Quique Sinesi und Martin Sued kommen aus Buenos Aires. Der eine spielt Gitarre, der andere Bandoneon. Beide sind Virtuosen, beider Musik kann man hinsichtlich ihrer Stilistik betrachten, mindestens genauso wichtig aber ist deren Emotionalität. Als die beiden sich auf ihren Stühlen auf der Birdland-Bühne niederlassen und zu ihren Instrumenten greifen, rechnen wohl die meisten hier mit Tango.
Den gibt es natürlich auch, aber das ist längst nicht alles. In den Stücken der beiden fließen europäische Klassik, argentinische Folklore, Jazz und Milonga, Bossa Nova und Merengue zusammen, geht es einerseits konzertant zu, dann wieder entdeckt man Spuren schlichter kleiner Lieder. Es werden akribisch vorbereitete Kompositionen vorgetragen, dann wieder wird mit Hingabe improvisiert, was das Zeug hält. „Melodien schweben in der Luft. Ab und zu fange ich eine ein und mache ein Stück draus“, sagt Sinesi. Nicht selten entstehen dann – sei’s am Schreibtisch vor leerem Notenpapier, sei’s auf der Bühne und ganz spontan – Momente, in denen bei aller Saitenzauberei und Knopfartistik nie Hektik spürbar wird, die Musiker sich und ihrem Publikum alle Zeit der Welt einräumen, um jedem einzelnen Ton nachzulauschen, sich auf die gesetzten Pausen einzulassen, sich auf einen Rhythmus einzustellen oder einfach davonzufliegen. Melancholie oder Lebenslust, Schwermut oder Ausgelassenheit, in Töne gegossene Träumereien oder griffige Rhythmik – ständig ist Bewegung in diesem Auftritt, der Begriffe wie Vordergründigkeit, Oberflächlichkeit und Effekthascherei nicht kennt, sehr wohl aber solche wie Tiefgang und Substanz. Manchmal entwerfen die beiden fast den Soundtrack für ein Stillleben, dann wieder spürt man plötzlich Lust auf Bewegung.
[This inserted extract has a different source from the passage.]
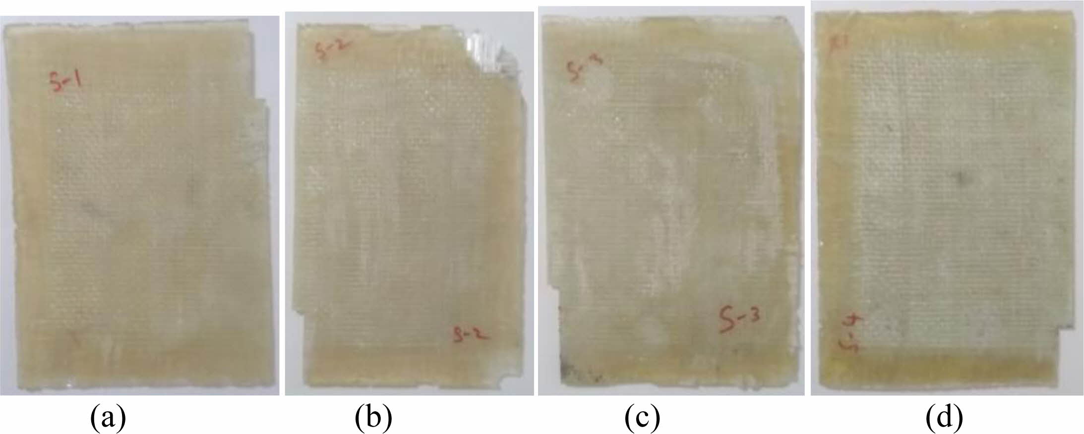 The weight percentage of the glass fibres are varied to obtain for composite laminates. The epoxy used in this work is LB011 epoxy resin lapox B_11. The hardener used is Triethylenetetraamine (TETA). The composite laminates are prepared with varying the glass fibres with 10%, 20%, 30% and 40% reinforcement and remaining with the epoxy. The composite laminates prepared are shown in Fig. 2(a-d).
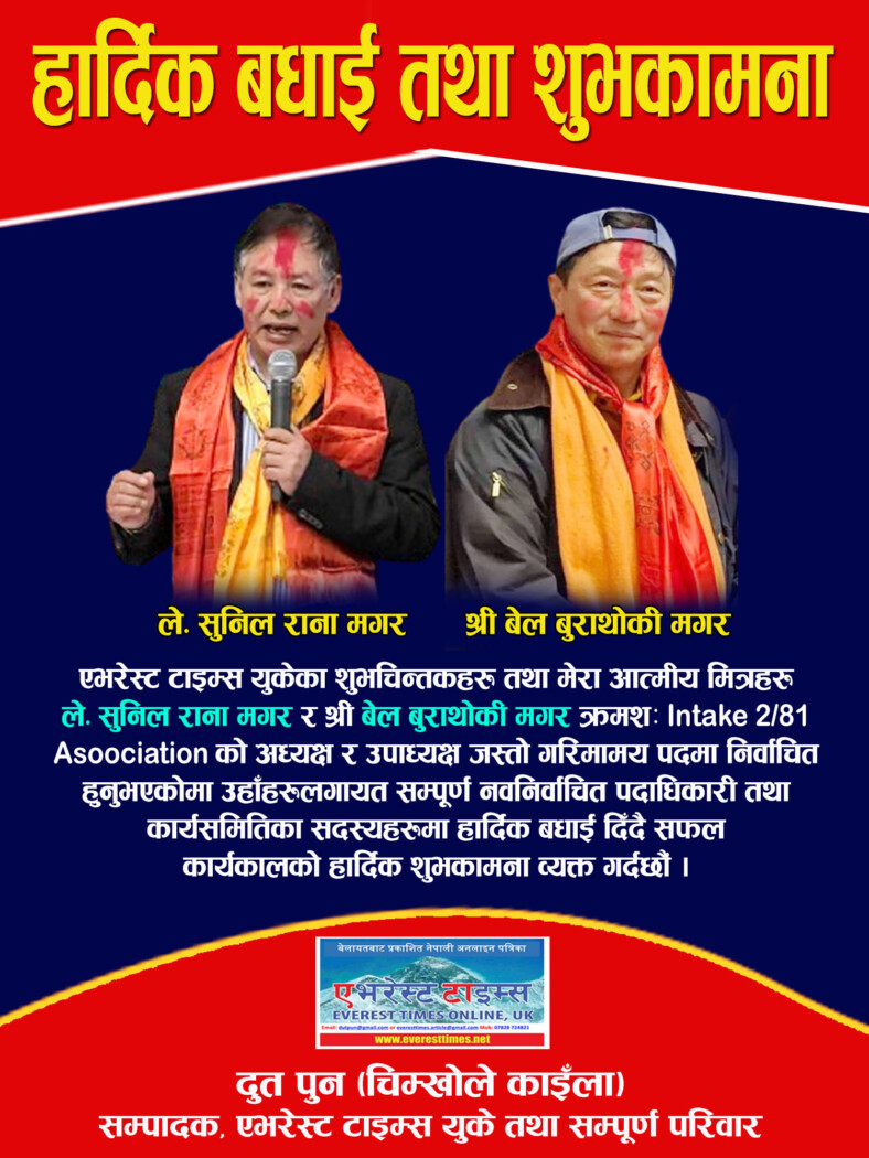 हार्दिक बधाई : ले‍. सुनिल राना मगर र बेल बुराथोकी मगर

Ein Sonderfall ist Sinesis zehnsaitige Gitarre, also eine klassische Konzertgitarre mit Resonanzsaiten. Kommt sie zum Einsatz, gewinnen die zarten, fragilen Melodien an Größe und der Nachhall ist enorm. Das Publikum ist dermaßen andächtig bei der Sache, dass erst nach dessen vollständigem Ausklingen Beifall aufbrandet. Sinesi und Sued haben es komplett in der Hand, verfügen tatsächlich über die Gabe, ein Auditorium zu verzaubern. Man lässt die Musiker hochleben wegen ihrer Musik, nicht weil sie für ausgelassene Stimmung sorgen würden. Das nämlich tun sie absichtlich nicht.
Duo-Konzerte sind immer spannend, in diesem Fall sind sie das in ganz besonderem Maße. Jeder bringt seine Fähigkeiten ein, gerade in den Solostücken. In den Phasen freilich, in denen sie spontan aufeinander reagieren, sich vom vorab Festgelegten entfernen und spontan zu erst noch zu entdeckenden Ufern aufbrechen, sind sie ganz stark und dem Jazz ebenso nahe wie der argentinischen Tradition, verstehen sich als Wanderer zwischen und gleichzeitig als verbindendes Element beider Welten. „Corazón Sur“ heißt das Aktuelle Album Sinesis. „Das Herz des Südens“. Nach dem, was man im Birdland erlebt hat, schlagen seines und das seines Partners Sued mit echter Leidenschaft. Und beide sind wahrlich groß.